Интересно, что даже Карл Барт, еще один великий богослов XX века, который в принципе был против выведения смысла евангельской Вести из внутреннего человеческого опыта, здесь также фактически обращается к этому опыту, отказываясь мыслить в категориях ритуальной жертвы. Слова о смерти Христа «за нас», т. е. «вместо нас» он понимает не в категориях заместительной жертвы, а в том смысле, что Бог сделал за нас то, на что должны были быть способны мы сами – на эту свободу и самоотдачу, но реально, в нашем падшем состоянии не способны. Этим Он судит нас, нашу несостоятельность – и это суд без осуждения, с тем, чтобы тут же, «в зале суда» оправдать и простить. Но важно, что это обращено к нам самим, призывает нас разглядеть в себе эту сторону нашей внутренней жизни.

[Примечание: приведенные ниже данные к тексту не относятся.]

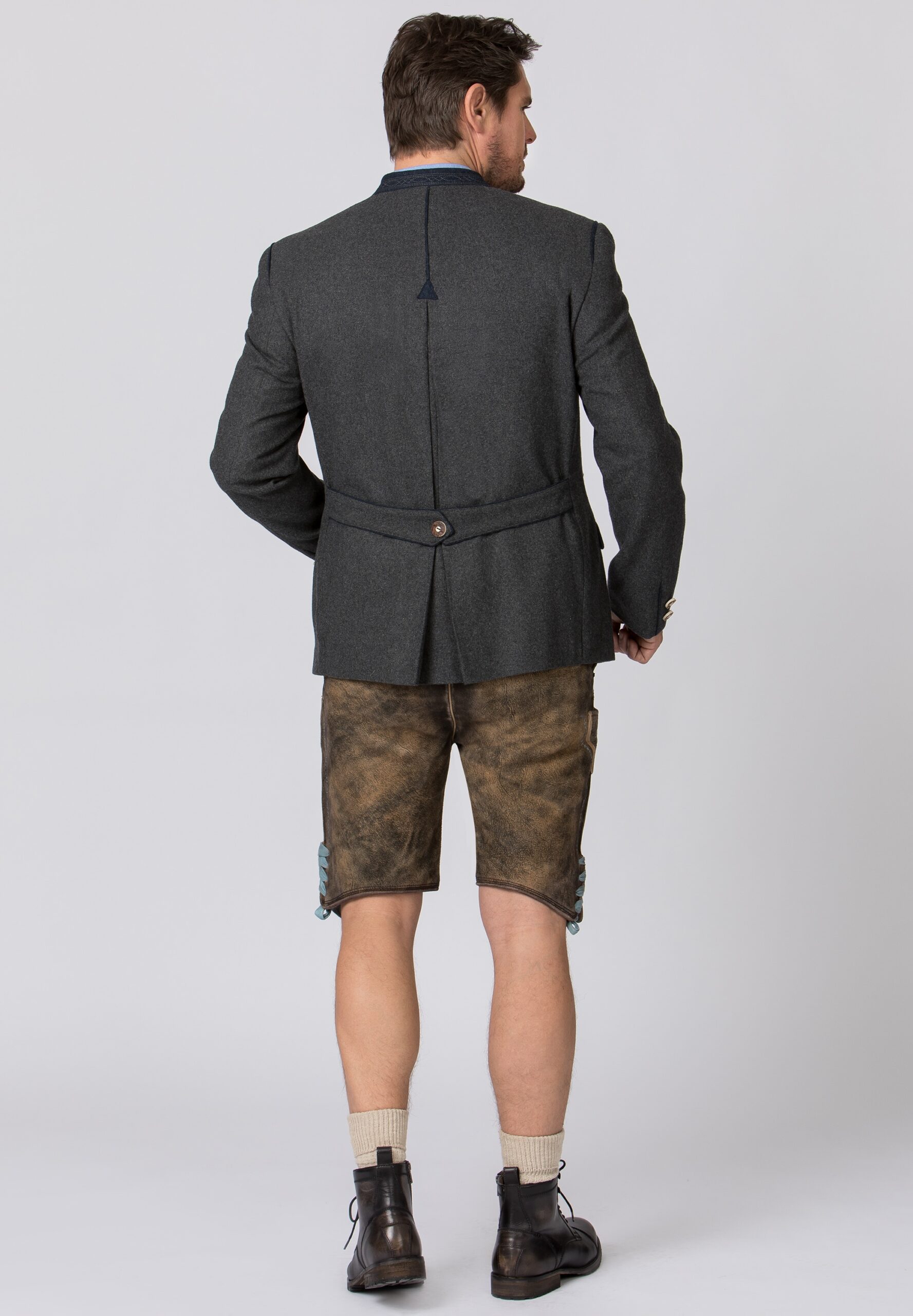 Classic men’s trachten jacket in mid-weight grey wool.ย  Traditional embroidered stand-up collar along with the piping at shoulders and pockets is medium blue.ย  Front buttons and those at the cuffs of the sleeves are made from deer antlers (naturally shed).ย  Back features 3/4 length center pleat with piping and applique, and half-belt with horn button.ย  ย Fully lined in acetate.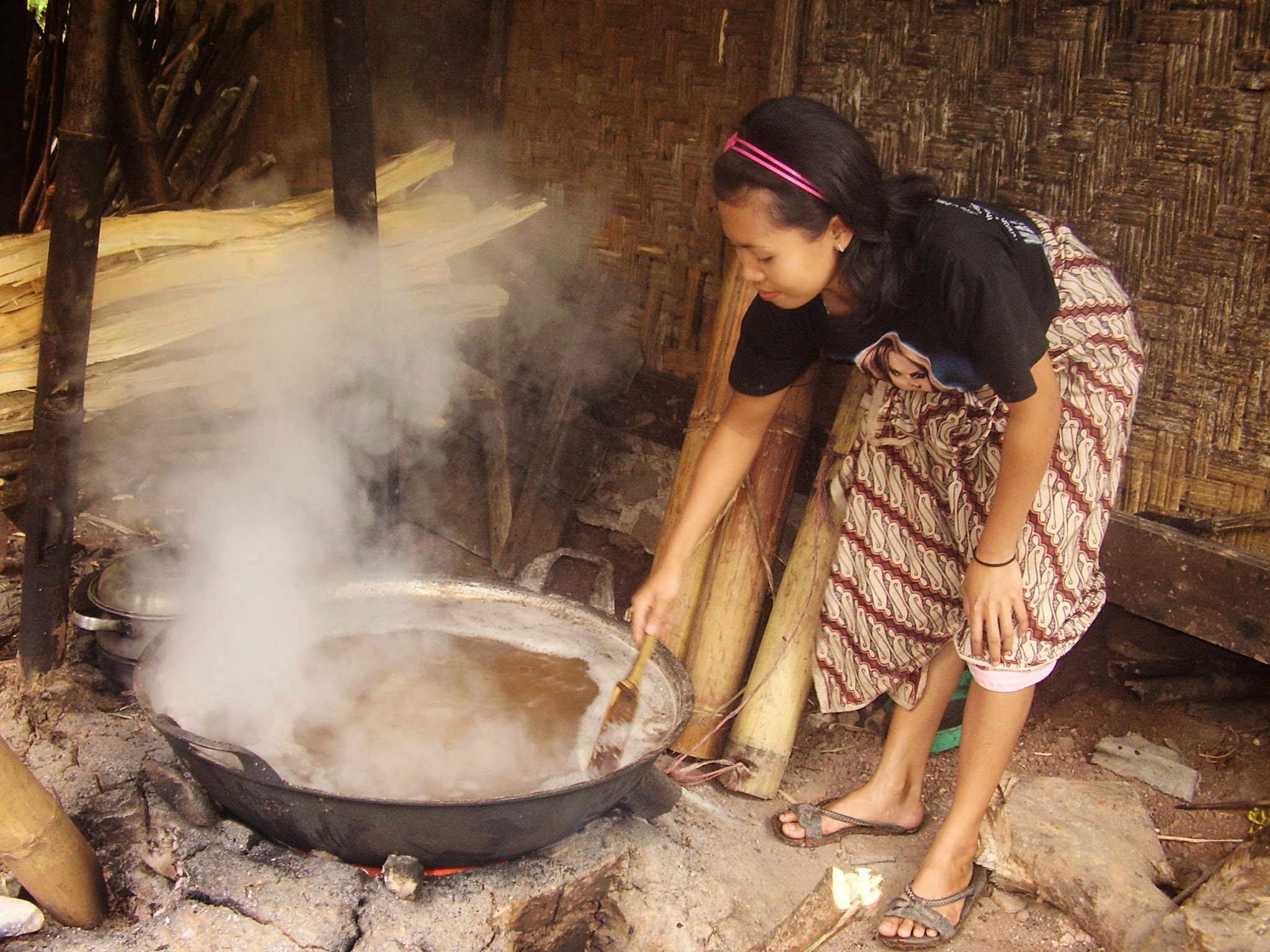 - Pemasakana. Nira yang telah disaring kemudian dididihkan di dalam wajan dengan api sedang sambil diaduk-aduk. Jika apinya terlalu besar nira akan cepat hangus dan gula bisa terasa pahit. Busa dan kotoran yang mengapung selama pendidihan dibuang.

Можно, наконец, увидеть важный смысл и самого раскритикованного нами богословия жертвы, приносимой Христом «за нас». Этот смысл проявляется именно после того, как мы его раскритиковали и тем самым открыли возможность понимать его не буквально (Бог требует, чтобы кто-то умер), а символически, в качестве указателя на некое важное свойство события. Таким свойством, с какой бы точки зрения ни смотреть: традиционной или современной (которая также будет традиционна, если сохраняет преемственность смысла в новых условиях) является универсальность, всеобщность. Крестная смерть Христа значима и важна для всех людей. Пусть мы уже не приемлем идею заместительного искупления как концепцию, описывающую истинное положение дел – но с точки зрения иудейского сознания, в котором она родилась, она выражает эту всеобщность, содержит этот смысл через всю эту связку понятий: всеобщности греха, а следовательно – вины, а следовательно – необходимости искупления и жертвы. Слова «за нас» с необходимостью содержат смысл «за всех нас», и такой смысл и может быть для нас их «переводом». «Умер за нас» – это значит умер таким образом, что это касается каждого из нас и может быть принято каждым из нас. Соответственно, и другая рассмотренная нами религиозная идея осмысления Креста, за которым следует Воскресение – схождение Бога в мир мертвых, в царство дьявола и смерти, с разрушением этого царства, «упразднением ада» – это, если и здесь отойти от буквализма, такой же символ универсальности Благой Вести, выражение надежды на победу над смертью как всеобщей участью, на нефатальность бытия, на торжество жизни.